*** Opening Dataset extract ***

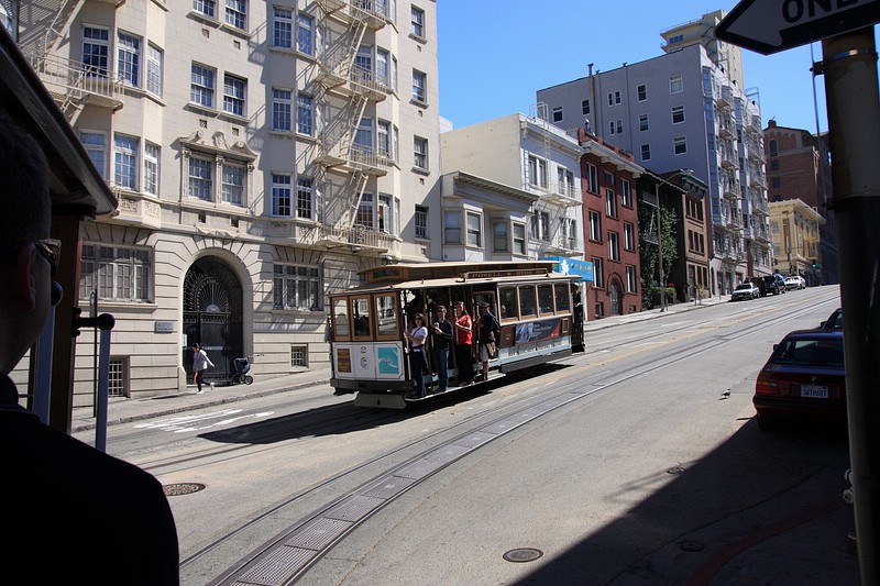 Danach hieß es für uns eine Fahrt mit der berühmten Cable Car auf der Powell-Hyde Line quer durch die Stadt zur Market Street. Da es bereits mittags war, haben wir dort in der Nähe etwas gegessen. Anschließend waren wir kurz in einem Abercrombie & Fitch Store, aber haben hier nichts eingekauft. Mit der Cable Car wollten wir auch zurück zum Ausgangspunkt wo unser Auto stand, aber leider hatte das Cable einen Schaden und die Reperaturarbeiten dauerten ewig. Wir entschlossen uns dann mit dem Taxi zurück zu fahren. Ich sage euch, was ne rasante Fahrt. Manchmal dachten wir nicht, dass wir noch zum Ziel kommen LOL 🙂
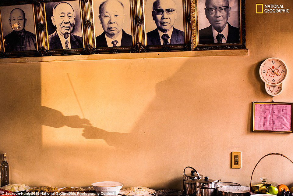Jackson Hung, Taiwan. This photo was taken during Chinese New Year's Eve of 2015. While paying respects to our ancestors, I noticed how the light was coming into the room and saw the passing of incense sticks to each of our family members after sending our prayers. The photo is symbolic since the passing of incense sticks resembles and knowledge and wisdom passed down from generation to generation
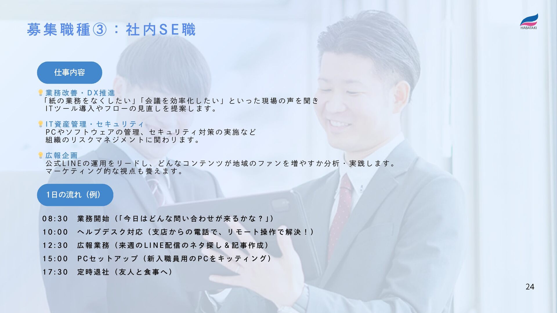 進 「 紙 の 業 務 を な く し た い 」 「 会 議 を 効 率 化 し た い 」 と い っ た 現 場 の 声 を 聞 き   I T ツ ー ル 導 入 や フ ロ ー の 見 直 し を 提 案 し ま す 。 💡I T 資 産 管 理 ・ セ キ ュ リ テ ィ   P C や ソ フ ト ウ ェ ア の 管 理 、 セ キ ュ リ テ ィ 対 策 の 実 施 な ど   組 織 の リ ス ク マ ネ ジ メ ン ト に 関 わ り ま す 。 💡広 報 企 画   公 式 L I N E の 運 用 を リ ー ド し 、 ど ん な コ ン テ ン ツ が 地 域 の フ ァ ン を 増 や す か 分 析 ・ 実 践 し ま す 。   マ ー ケ テ ィ ン グ 的 な 視 点 も 養 え ま す 。 0 8 : 3 0   業 務 開 始 ( 「 今 日 は ど ん な 問 い 合 わ せ が 来 る か な ? 」 ) 1 0 : 0 0   ヘ ル プ デ ス ク 対 応 ( 支 店 か ら の 電 話 で 、 リ モ ー ト 操 作 で 解 決 ! ) 1 2 : 3 0   広 報 業 務 ( 来 週 の L I N E 配 信 の ネ タ 探 し & 記 事 作 成 ) 1 5 : 0 0   P C セ ッ ト ア ッ プ ( 新 入 職 員 用 の P C を キ ッ テ ィ ン グ ) 1 7 : 3 0   定 時 退 社 ( 友 人 と 食 事 へ ) 募 集 職 種 ③ : 社 内 S E 職 24
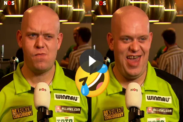 Michael van Gerwen en een journalist van de NOS.
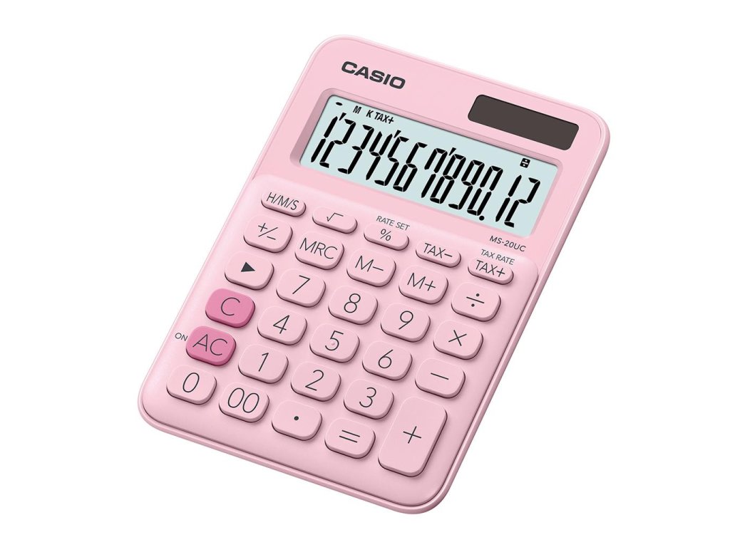 Kalkulačka Casio MS-20UC ružová + darček Batéria MAXELL zinkovo-mangánová AA (R6), 4 ks
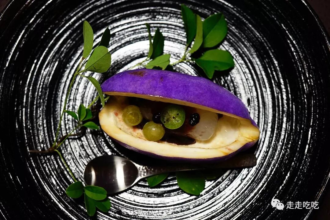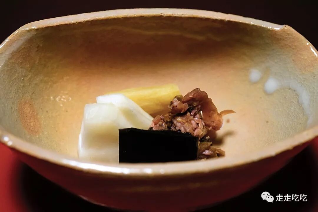甜品是一整个木通,配以野外采摘的野葡萄和野猕猴桃,点缀少许黑糖和糖渍果干。这个甜品也许经过四代目改良,因看旧菜谱发现当年作为秋季水果子(水菓子)的木通并未做过多搭配和处理。木通香气怡人,清雅中透着淡淡甜味;野猕猴桃则酸味突出,为简单的水果甜品加多了一层味道。
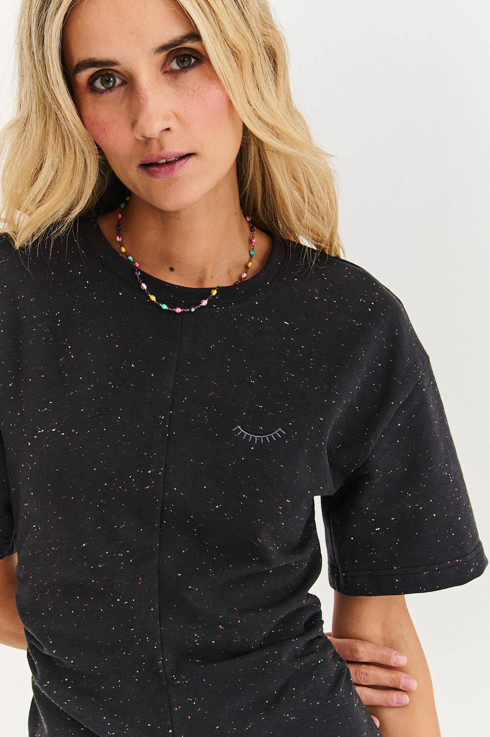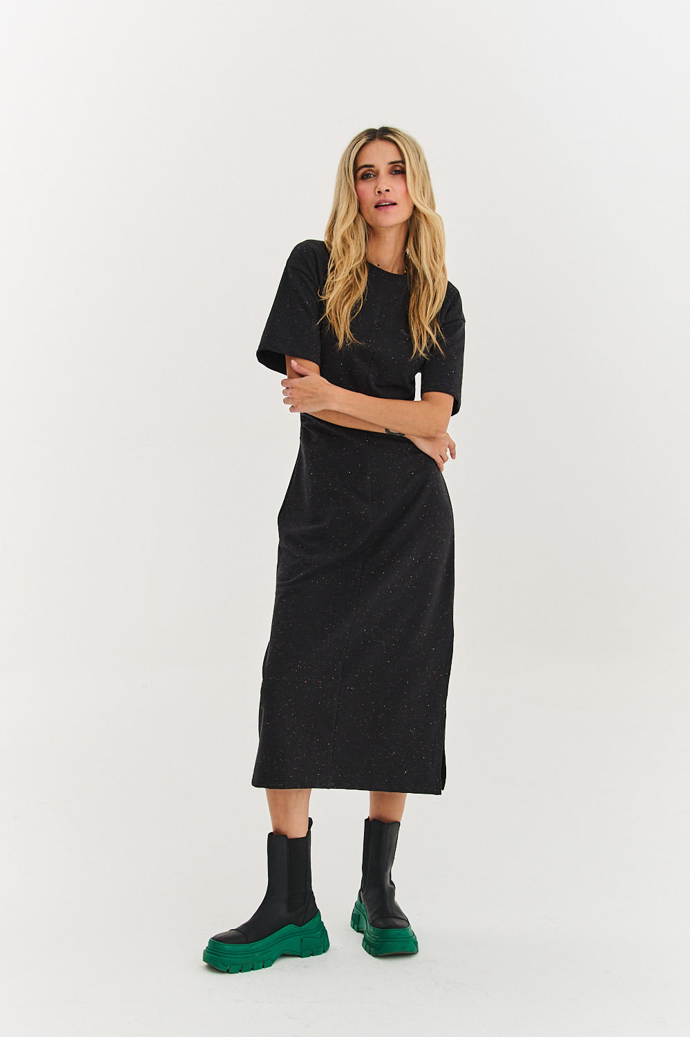 Lost Nomad dress is the definition of urban comfort. This model is an extended form of a midi length T-shirt, made of a unique sweatshirt knit. The dark graphite melange is enlivened with colorful neon flecks, which gives it character.
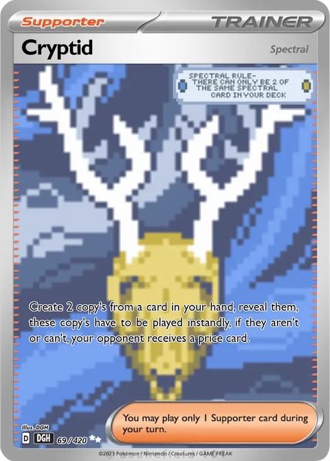 Create 2 copy's from a card in your hand, reveal them, these copy's have to be played instandly, if they aren't or can't, your opponent receives a price card.
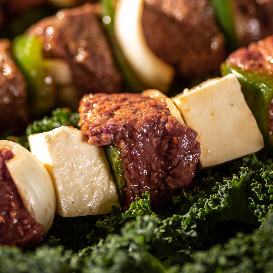Brochette faite de 3 cubes d’intérieur de ronde de bœuf attendri (Marinade maison Sucrée Piquante) et de 2 morceaux de fromage à griller le Démon de la Fromagerie des Basques. Emballé sous-vide, frais.

*** Closing Dataset extract ***

What the exercise asks >>
Look above for the line with "進 「 紙 の 業 務", then give again exactly every line from there through the line with "甜品是一整个木通,配以野外采", skipping the pictures.

Task solution >>
 進 「 紙 の 業 務 を な く し た い 」 「 会 議 を 効 率 化 し た い 」 と い っ た 現 場 の 声 を 聞 き   I T ツ ー ル 導 入 や フ ロ ー の 見 直 し を 提 案 し ま す 。 💡I T 資 産 管 理 ・ セ キ ュ リ テ ィ   P C や ソ フ ト ウ ェ ア の 管 理 、 セ キ ュ リ テ ィ 対 策 の 実 施 な ど   組 織 の リ ス ク マ ネ ジ メ ン ト に 関 わ り ま す 。 💡広 報 企 画   公 式 L I N E の 運 用 を リ ー ド し 、 ど ん な コ ン テ ン ツ が 地 域 の フ ァ ン を 増 や す か 分 析 ・ 実 践 し ま す 。   マ ー ケ テ ィ ン グ 的 な 視 点 も 養 え ま す 。 0 8 : 3 0   業 務 開 始 ( 「 今 日 は ど ん な 問 い 合 わ せ が 来 る か な ? 」 ) 1 0 : 0 0   ヘ ル プ デ ス ク 対 応 ( 支 店 か ら の 電 話 で 、 リ モ ー ト 操 作 で 解 決 ! ) 1 2 : 3 0   広 報 業 務 ( 来 週 の L I N E 配 信 の ネ タ 探 し & 記 事 作 成 ) 1 5 : 0 0   P C セ ッ ト ア ッ プ ( 新 入 職 員 用 の P C を キ ッ テ ィ ン グ ) 1 7 : 3 0   定 時 退 社 ( 友 人 と 食 事 へ ) 募 集 職 種 ③ : 社 内 S E 職 24
 Michael van Gerwen en een journalist van de NOS.
 Kalkulačka Casio MS-20UC ružová + darček Batéria MAXELL zinkovo-mangánová AA (R6), 4 ks
甜品是一整个木通,配以野外采摘的野葡萄和野猕猴桃,点缀少许黑糖和糖渍果干。这个甜品也许经过四代目改良,因看旧菜谱发现当年作为秋季水果子(水菓子)的木通并未做过多搭配和处理。木通香气怡人,清雅中透着淡淡甜味;野猕猴桃则酸味突出,为简单的水果甜品加多了一层味道。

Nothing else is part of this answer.